En un viejo país ineficiente, algo así como España entre dos guerras civiles, poseer una casa y poca hacienda y memoria ninguna. -- Gil de Biedma
by Migeru (migeru at eurotrib dot com) on Mon Jan 18th, 2010 at 09:37:22 AM EST
[ Parent ]
That would be thanks to the Mistral and Tramontane.
I have lived near Marseille a couple of years back: it is a windy country.
by Bernard on Mon Jan 18th, 2010 at 12:06:31 PM EST
[ Parent ]
I did too, and it makes me wonder if there is such a thing for this as too much windstrength.

When it blows hard, I can't imagine a 80km/h windgust is exploitable. But, maybe it s...

by redstar on Mon Jan 18th, 2010 at 04:16:15 PM EST
[ Parent ]
The wind resource is great. The difficulty onshore is to find locations that don't disturb people, and offshore to find somewhere not too deep and not to close to shore.

In the long run, we're all dead. John Maynard Keynes
by Jerome a Paris (etg@eurotrib.com) on Mon Jan 18th, 2010 at 04:30:19 PM EST
[ Parent ]
In fact it looks like the French Atlantic coast should support offshore wind just like the North Sea, unlike the Mediterranean basis or, curiously, the Iberian Peninsula's Atlantic coast.

(source: US Geological Service bathymetry map for Europe)

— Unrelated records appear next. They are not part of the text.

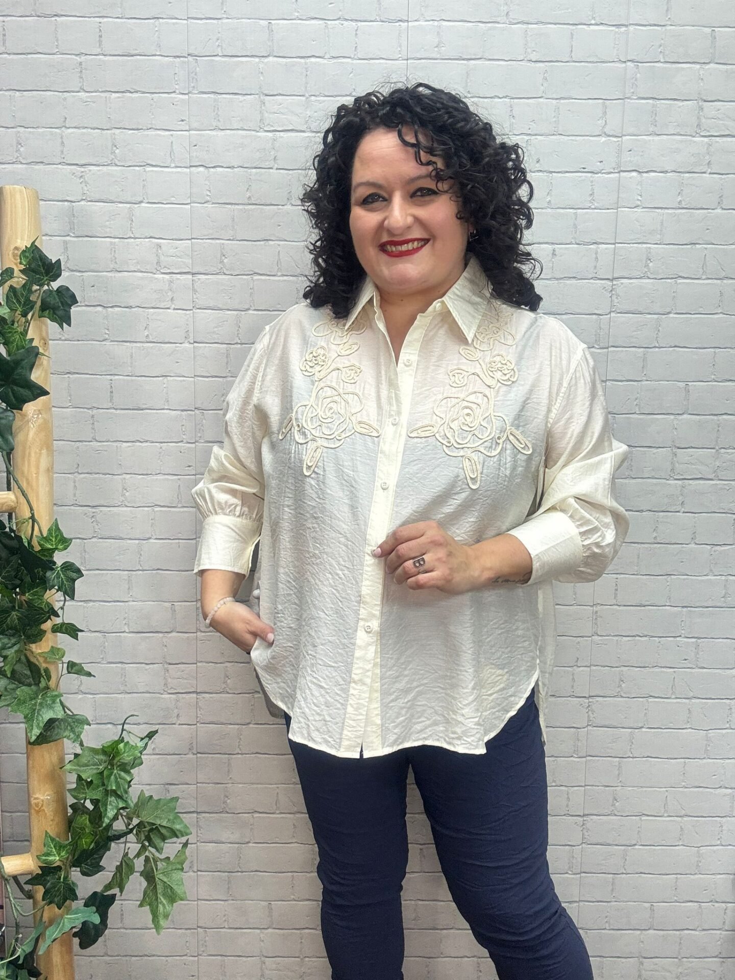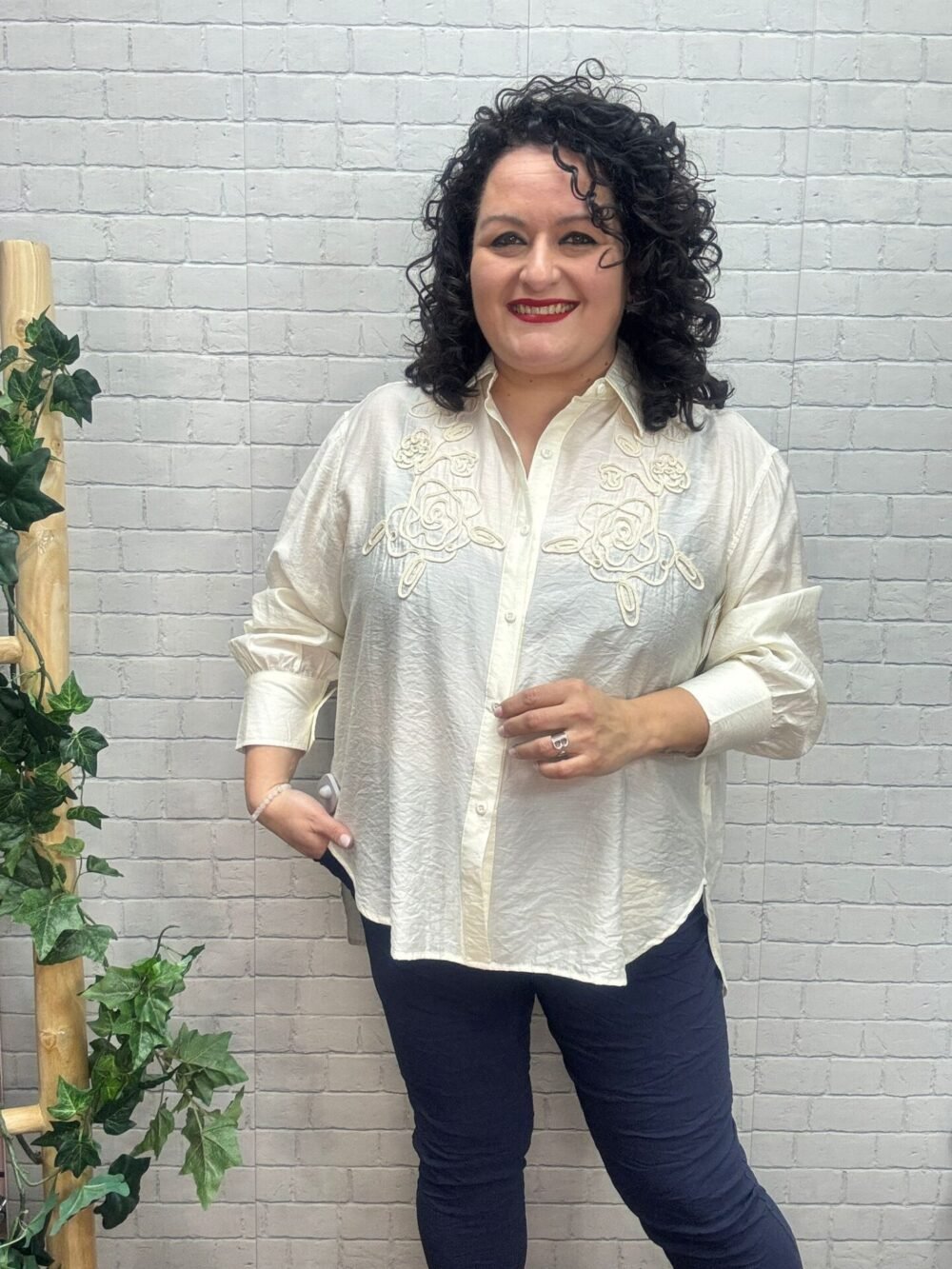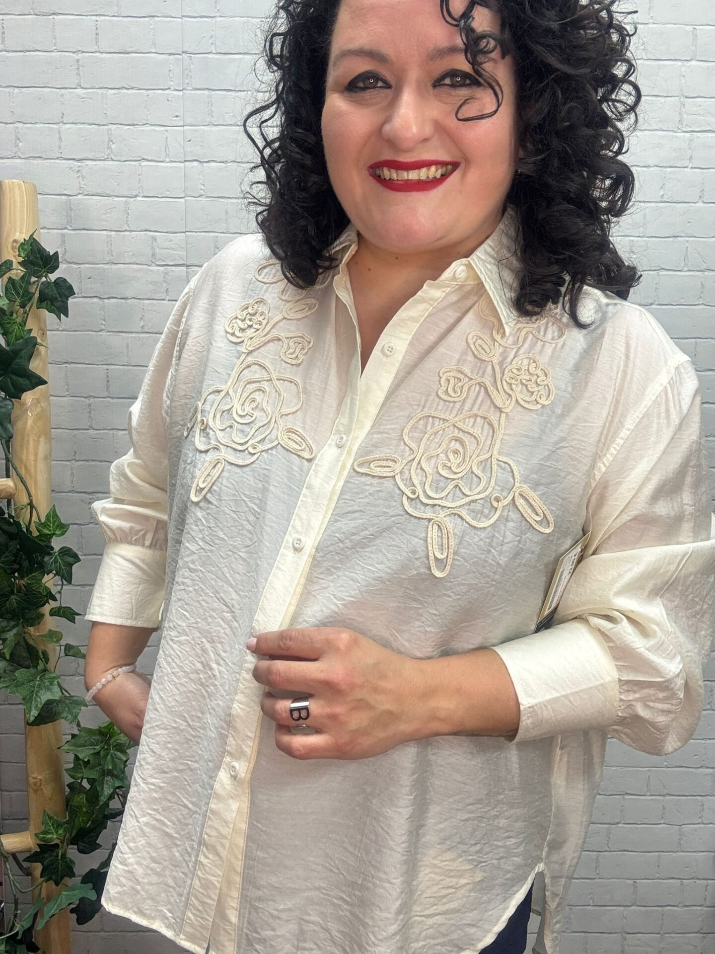 Eleva tus básicos con esta preciosa camisa beige bordada para mujer curvy, una prenda que combina delicadeza, elegancia y comodidad en cada detalle. Su diseño romántico con bordados florales en relieve en la zona del pecho aporta un toque artesanal y exclusivo que marca la diferencia.
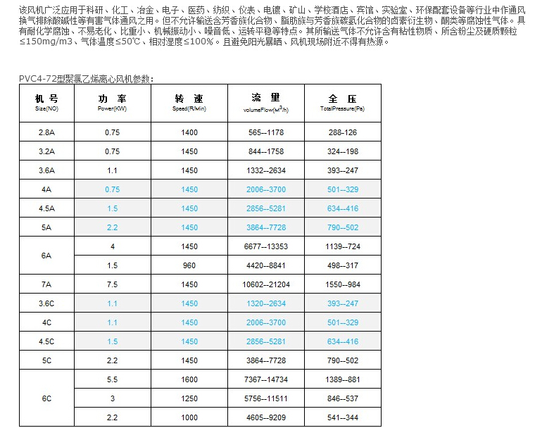 PVC4-72型聚氯乙烯離心風機
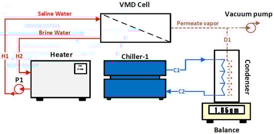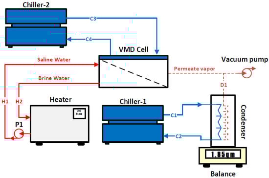 A schematic diagram of the VMD system is shown in Figure 4. The system consists of a VMD cell, a heater, two chillers, a condenser, and pumps (i.e., vacuum pump and hot water pump (P1)). The conservation equations were applied for each component of the VMD system except for the pumps. The following typical assumptions are considered:
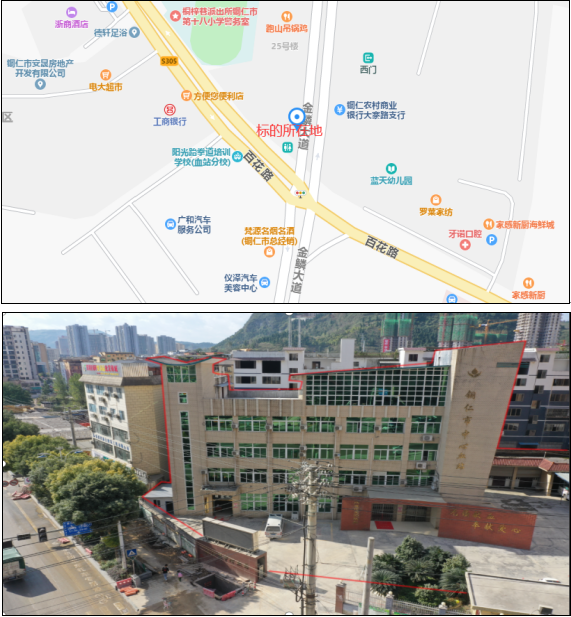 標(biāo)的描述:標(biāo)的位于銅仁市喻家坪,所在樓棟北臨百花路,東臨金鱗大道,其余兩面臨其它樓棟、街道。東距梵凈大道約500米,南距區(qū)府路約1000米,附近有銅仁九洲醫(yī)院、銅仁市第十八小學(xué),銅仁城南客車站等,生活服務(wù)配套設(shè)置齊全,地理位置非常優(yōu)越。
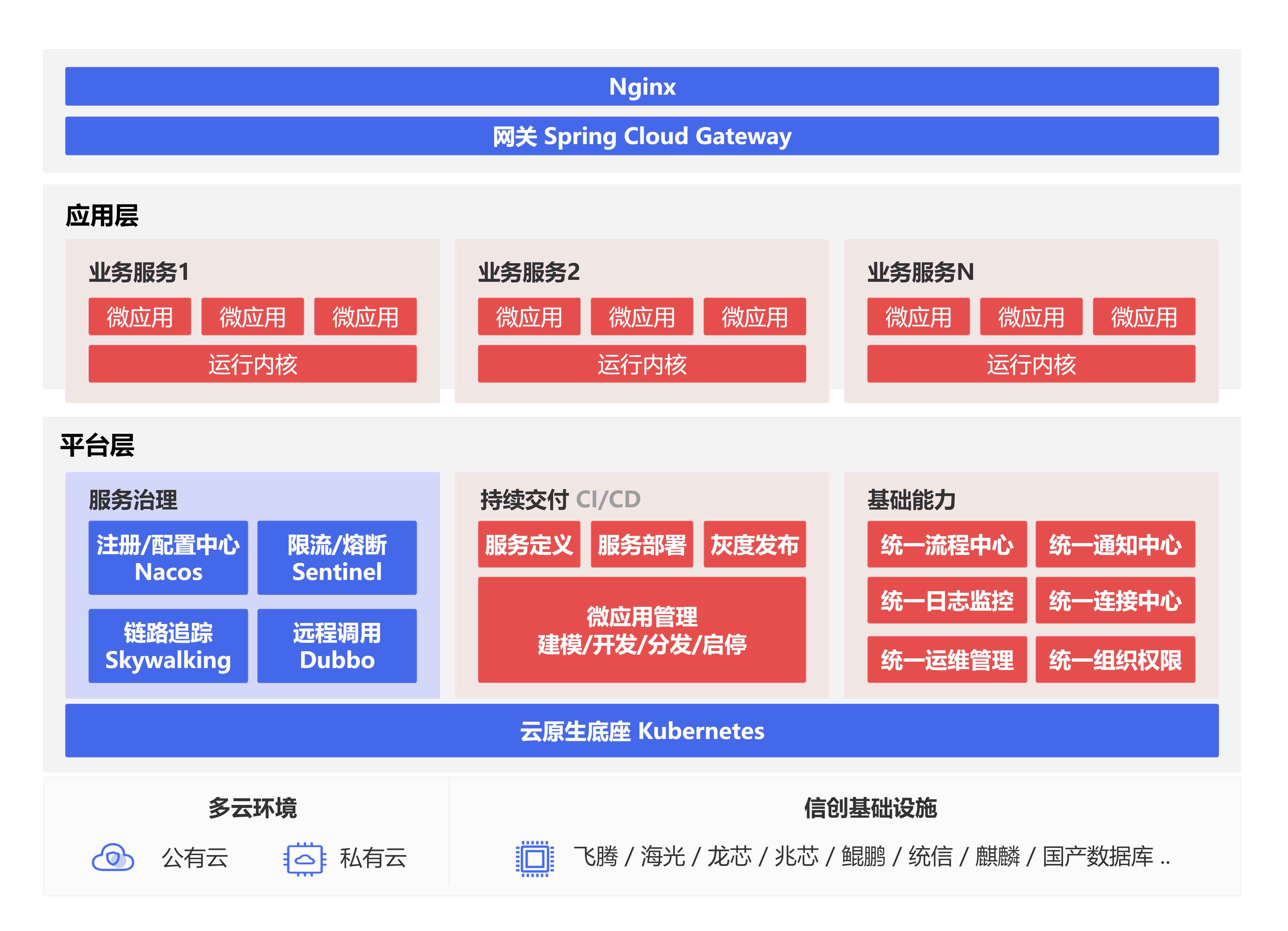 全栈适配国产 CPU、操作系统、数据库、中间件、云服务等近百家主流软硬件生态环境,帮助用户提前完成大量信创底层兼容认证,以及复杂技术路线的整合。提供从应用构建、运行、维护、升降级的全生命周期管理。适合金融、党政机关、国防军工、科研院所及央企、国企等对数据安全性、合规性要求较高的机构。
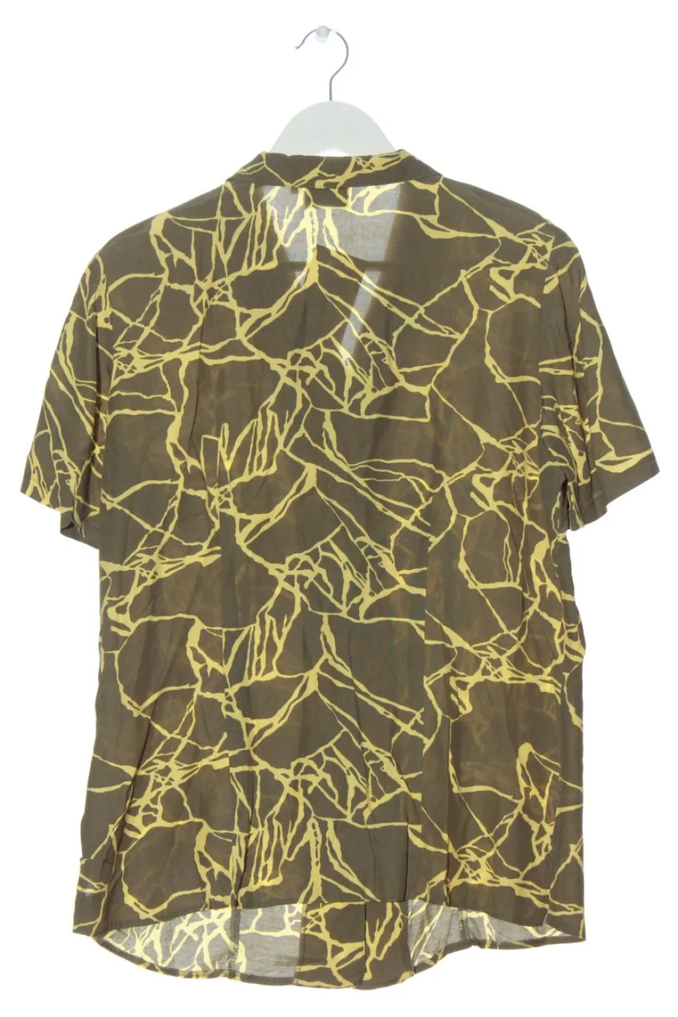 - V-Ausschnitt, Umlegekragen, Bund am Ärmelsaum, Knopfverschluss, abstraktes Muster, Allover-Druck, Casual-Look, Elegant, klassischer Stil
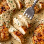 The sauce should be creamy and silky but not too thick—think of it like a velvety gravy that coats the chicken nicely. If it thickens too much, simply whisk in a little more milk or broth to reach your desired consistency.
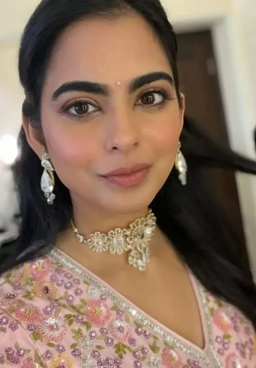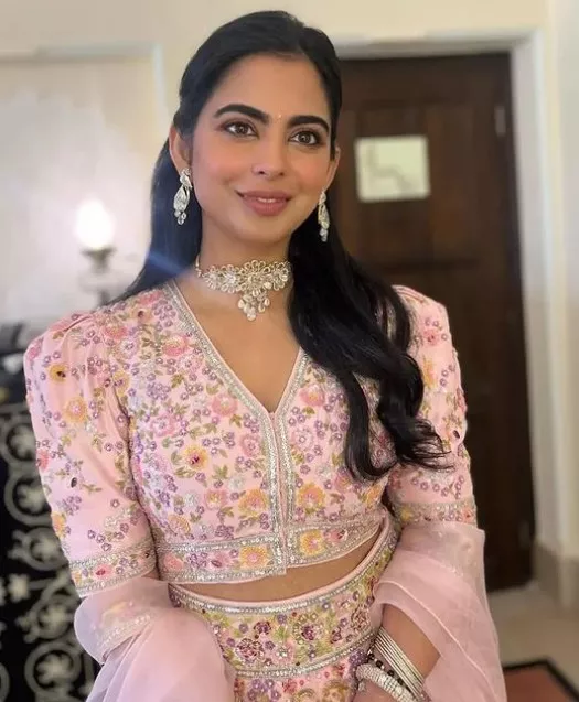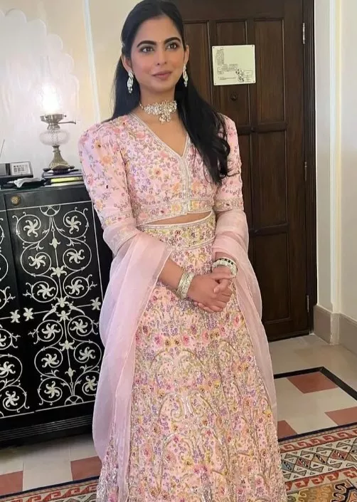 One of the fan pages of the Ambani clan also shared a picture of Isha Ambani from Udaipur, and her stunning look won our hearts. Dressed in a baby pink floral lehenga from the shelves of designer duo, Abu Jani Sandeep Khosla, Isha looked gorgeous. She accessorised her lehenga with a diamond choker necklace with matching diamond earrings and bangles. With her half-tied hair, Isha opted for sheen makeup.
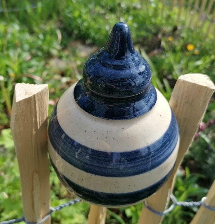 • Keramik Gartenstecker klein – blau gestreifte Gartenspitze ca. 12 cm, Öffnung 2–3 cm
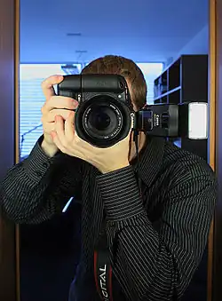 - Vertikální grip s vlastní spouští a dalších tlačítek usnadňuje fotografování na výšku, typicky při tvorbě portrétů.[2][1]
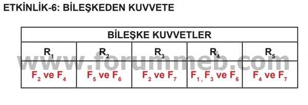 Soru : a. Görsellerde verilen kuvvetlerin özelliklerini tabloya yazınız.
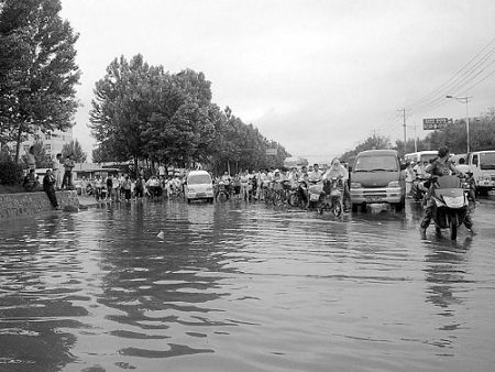 到了萬芳廣場前,路面積水深達半個車輪,一些馬力不夠的小轎車不敢再開,或停在路邊等候,或鉆進小胡同,只有大貨、吉普敢一試深淺。在四臺子檢車線附近,向北車輛在此被分流。本報采訪車苦行近2個小時,終于到達堵車源頭——公鐵橋。
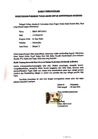 RIMA SRIYANTI, - (2025) HADIS TENTANG BERSOSIAL DAN INTROVERSI DALAM STUDI (ILMU MUKHTALIF AL-HADITS). Skripsi thesis, UNIVERSITAS ISLAM NEGERI SULTAN SYARIF KASIM RIAU.
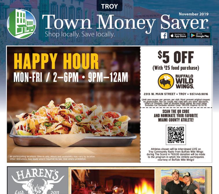 TROY Sept/Oct 2020 Shop locally. Shop safely. Support LOCAL businesses! BUFFALO WEDGE SALAD TM & ©2020 Buffalo Wild Wings, Inc. BWW2020-0213457 $5 OFF WITH $25 FOOD PURCHASE 2313 WEST MAIN STREET TROY • 937.440.9016 Limit one coupon per person, per visit. Must present original coupon; no photocopies. Not for resale. Not valid with any other discounts, offers or coupons. Valid at location listed above. No cash value. Excludes tax. Excludes alcohol. Expires 10/31/20. CHECK OUT OUR NEW MENU COMING IN SEPTEMBER All together now. Unity National Bank is taking on our family name. parknationalbank.com
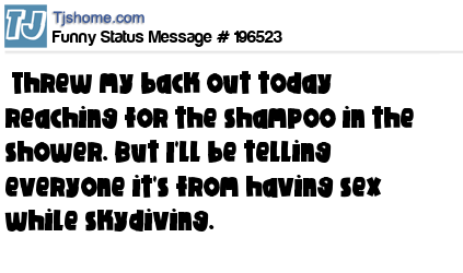 - # 186345 Threw my back out today reaching for the shampoo in the shower. But I'll be telling everyone it's from having sex while skydiving.
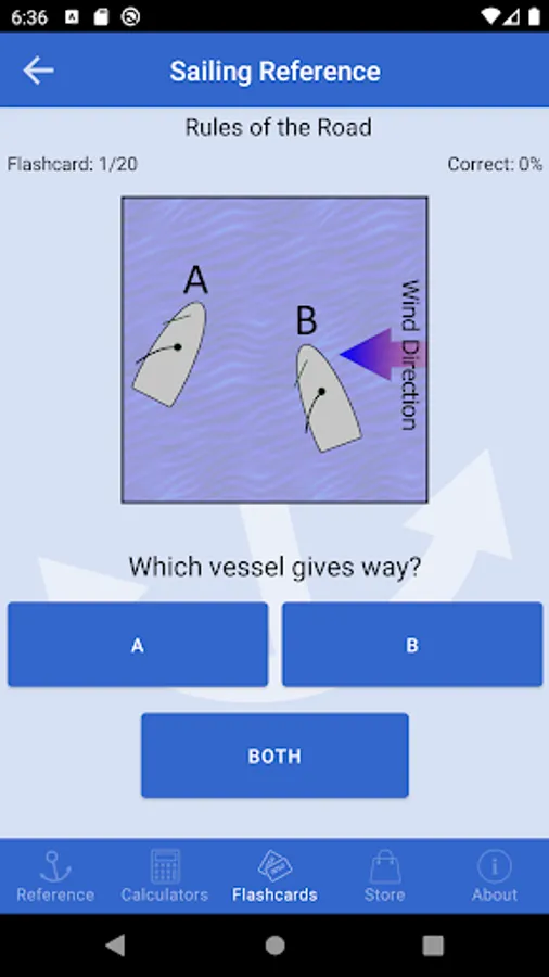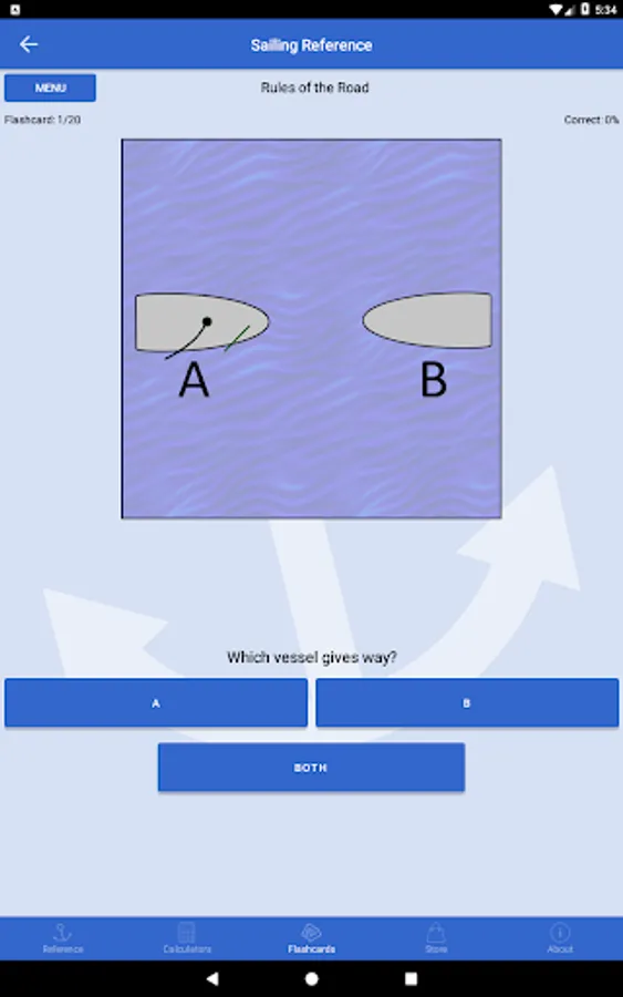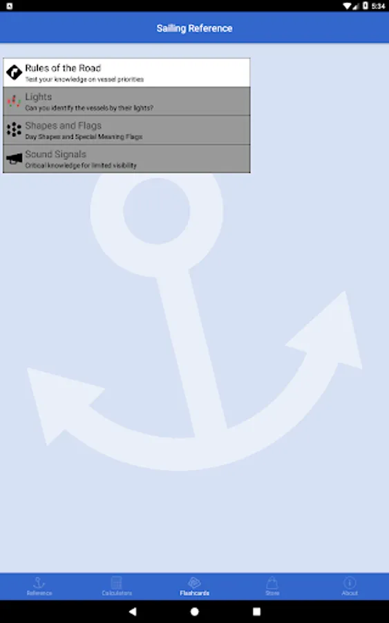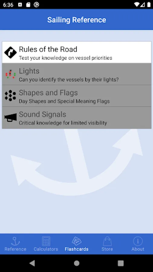 For those who need to brush up on their knowledge of the COLREGs / IRPCS, load up the flashcards for a quick quiz. Included with the app are a set of “Rules of the Road” flashcards covering numerous collision scenarios. Additional flashcards covering vessel lights, day shapes, flags and sound signals are available to purchase in-app as a single add-on pack.

En un viejo país ineficiente, algo así como España entre dos guerras civiles, poseer una casa y poca hacienda y memoria ninguna. -- Gil de Biedma

by Migeru (migeru at eurotrib dot com) on Mon Jan 18th, 2010 at 09:34:51 AM EST
[ Parent ]
I'm still looking for a better map, because there's a rather big difference for offshore wind between 20-40m depths and 50-100m depths...

In the long run, we're all dead. John Maynard Keynes
by Jerome a Paris (etg@eurotrib.com) on Mon Jan 18th, 2010 at 09:55:38 AM EST
[ Parent ]
Google is my friend. Let's see...

From ifremer.fr:
*Morpho-bathymétrie de la Méditerranée Occidentale


*North-East Atlantic

From PlanetaryVisions.com.

From JustMagic.com: Google Ocean - LOL

En un viejo país ineficiente, algo así como España entre dos guerras civiles, poseer una casa y poca hacienda y memoria ninguna. -- Gil de Biedma

by Migeru (migeru at eurotrib dot com) on Mon Jan 18th, 2010 at 10:09:31 AM EST
[ Parent ]
That's still a 100m resolution.

*Lunatic*, n.
One whose delusions are out of fashion.
by DoDo on Mon Jan 18th, 2010 at 10:18:38 AM EST
[ Parent ]
I think that's it for quick google searches for public domain data. I don't know whether this is any better.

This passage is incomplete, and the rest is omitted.